Items from a dataset
--------------------------------------------------
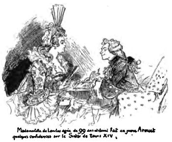 Sylvie a fait sans doute un peu de toilette pour le souper, car M. de Coudray, revenu près d'elle, se penche au-dessus de son fauteuil et lui souligne ces vers de l'Almanach:
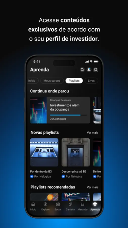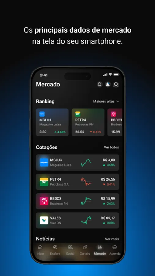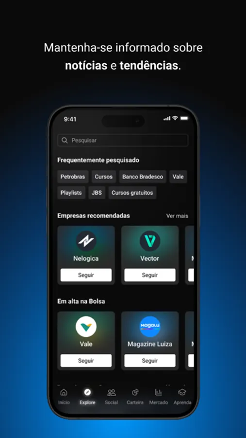 Oferecemos uma experiência única, combinando ferramentas de controle de investimentos, redes sociais, notícias e análises do mercado financeiro em um único aplicativo completo e fácil de usar.
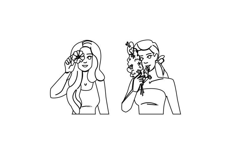 grace holding flower woman vector. beauty elegance, serenity pose, nature petals grace holding flower woman character. people black line pencil drawing illustration
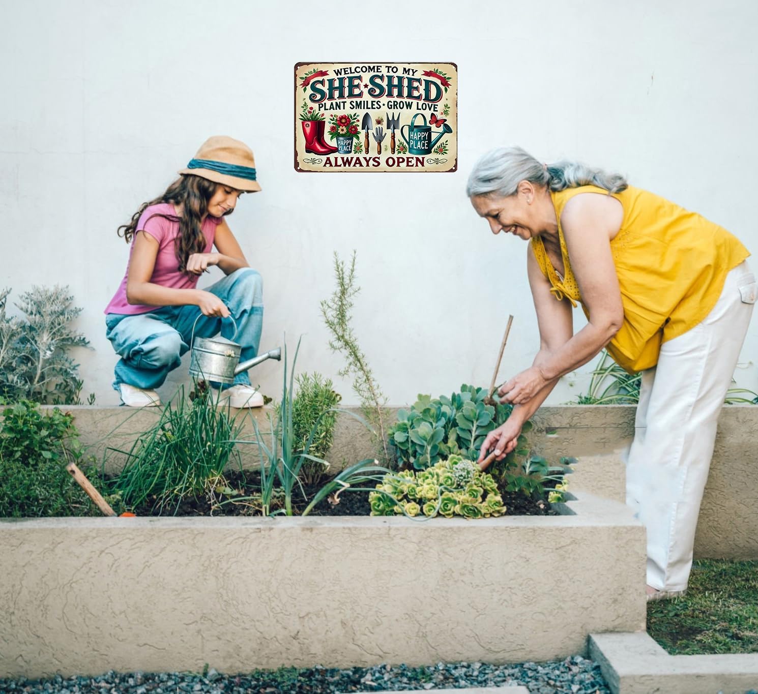 Bestylez Garden Gifts Welcome to My She ShedVintage Gardening Signs for Home Garden Greenhouse Living Room Bedroom Yard Outdoor Decor 8X12 Inch (3372)
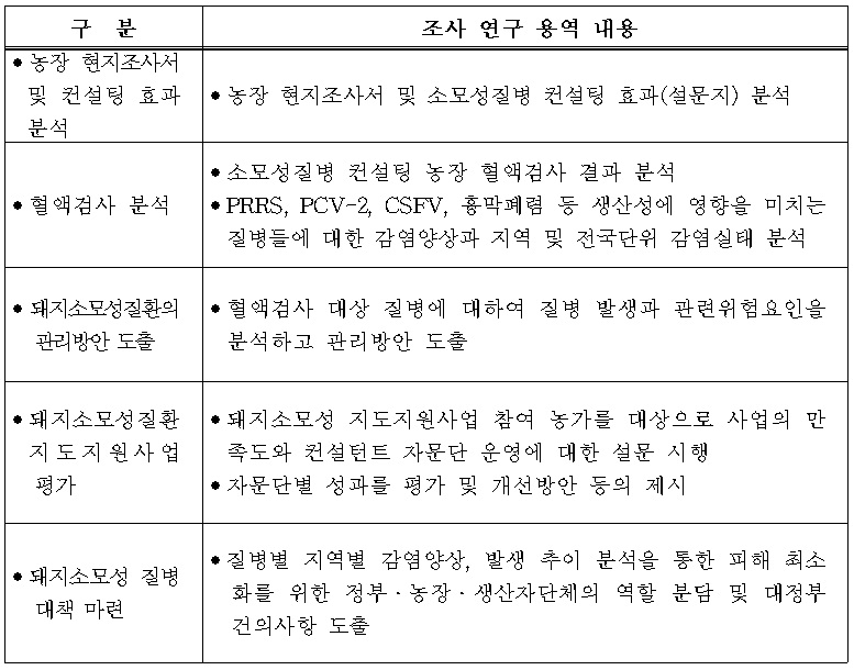 <입찰 공고번호: 한돈협지 제351-4-1호> 2012년도 전국 양돈장 질병실태조사 연구 용역 1. 연구용역의 배경 및 목적 가. 농림수산식품부에서 추진한 2012년도 돼지소모성질환 지도지원사업에 의거 전국 350개 양돈장 및 종돈장에 대한 종합 컨설팅 및 주요 질병에 대한 실험실 검사를 진행하였음. 나. 소모성질환 컨설팅 지원대상 농장에 대한 컨설팅 결과 및 현지조사내용, 주요질병 검사내용을 종합적으로 분석하여, 질병실태를 파악하고, 전국단위의 효과적인 질병 관리방법을 모색해 양돈농가의 경제적 손실예방 및 경쟁력 제고. 다. 주요 질병에 대한 방역대책 수립에 기초 자료로 활용. 2. 조사연구 용역 내용 가. 조사연구명 : 2012년도 전국 양돈장 질병 실태조사 나. 조사 내용 ![]() 다. 조사 대상 : 350농가(‘12년도 돼지소모성지도지원사업 대상농가) 마. 질병 검사내용: 10종 - 검진두수 : 46두/농장, 년2회, 총32,200두 채혈은 검사기관에서 실시함 - 검진대상질병(10종) : 돼지열병, PRRS, PCV-2, 유행성폐렴, 흉막폐렴, 글래서병, 파스튜렐라폐렴, 위축성비염, 살모넬라병, 구제역(항체가포함). 바. 연구비 한도 : 1) 39,000천원(제세공과금 포함)으로 하되, 조사연구 제안업체에서 제안하는 내용에 따라 연구비를 감액하여 제시할 수 있으며, 제안내용과 연구비 등을 복합적으로 심사하여 계약 우선순위업체를 정함 2) 업체 수행기관의 간접비는 5% 이내로 하여야 함. 사. 연구 기간 : 계약기간으로부터 3개월 이내 3. 조사 진행방법 선정된 조사연구 업체(기관)에 조사연구 용역수행을 위하여 검역검사본부와 협회에서는 기초자료를 제공함. 4. 신청 자격 가. 교육법에 의한 대학 또는 전문대학 나. 정부 출연 연구기관 및 기업부설연구소 다. 기타 법인 연구기관 및 위와 동등한 자격을 갖춘 기관 등 ※ 두 개 이상의 연구기관이 컨소시엄을 구성하여 지원할 수 있으며 이 경우 주관연구기관을 명시하여야 함 5. 신청 방법 및 접수 마감 가. 신청방법 : 요청 양식에 따라 한돈자조금 조사연구사업 계획서 제출 나. 접수마감 : 2013. 3. 21(목) 16:00시 도착분까지 다. 접수방법 : ❍ 직접(우편)접수 : 서울시 서초구 서초1동 1621-19 제2축산회관 3층 대한한돈협회 정책기획부 ❍ E-mail 접수 : exksa@hanmail.net 6. 제출 서류 가. 연구사업 계획서 1부(별첨 양식) 나. 연구 제안서 8부(심사용, 예산서 합본, 별첨양식을 참조하여 작성․제출) 다. 기관 소개서(현황 및 연혁, 유사사업 실적-최근 3년간) 라. 법인등기부등본 1부(해당시) 마. 사업자등록증 사본 1부(해당시) 7. 선정방법 가. 본회가 구성한 심사위원회에서 심사 나. 심사위원회에서 평가를 실시하여 고득점자순으로 우선 협상 대상자로 선정하여 협상에 의한 계약 다. 심사일 : 접수결과에 따라 심사일 개별 통보 라. 2회 유찰시 내부 심사를 거쳐 업체선정 8. 기 타 가. 연구사업 계획서 및 연구제안서 양식(별첨자료 참고하여 계획서 및 제안서 작성․제출) 나. 제출한 서류는 일체 반환하지 않습니다. 다. 최종 선발한 조사연구제안서는 계약 체결 및 사업추진과정에서 본회와 협의하여 일부 변경될 수 있습니다. 마. 문의처 : (사)대한한돈협회 정책기획부 (전화): 02-581-9751(정책기획부), (팩스) : 02-581-9768
--------------------------------------------------
Exercise instructions ▸
Output only the lines from the start of the data through the line that holds "Bestylez Garden Gifts". Keep them exact and leave the pictures out.

Response for this exercise ▸
 Sylvie a fait sans doute un peu de toilette pour le souper, car M. de Coudray, revenu près d'elle, se penche au-dessus de son fauteuil et lui souligne ces vers de l'Almanach:
 Oferecemos uma experiência única, combinando ferramentas de controle de investimentos, redes sociais, notícias e análises do mercado financeiro em um único aplicativo completo e fácil de usar.
 grace holding flower woman vector. beauty elegance, serenity pose, nature petals grace holding flower woman character. people black line pencil drawing illustration
 Bestylez Garden Gifts Welcome to My She ShedVintage Gardening Signs for Home Garden Greenhouse Living Room Bedroom Yard Outdoor Decor 8X12 Inch (3372)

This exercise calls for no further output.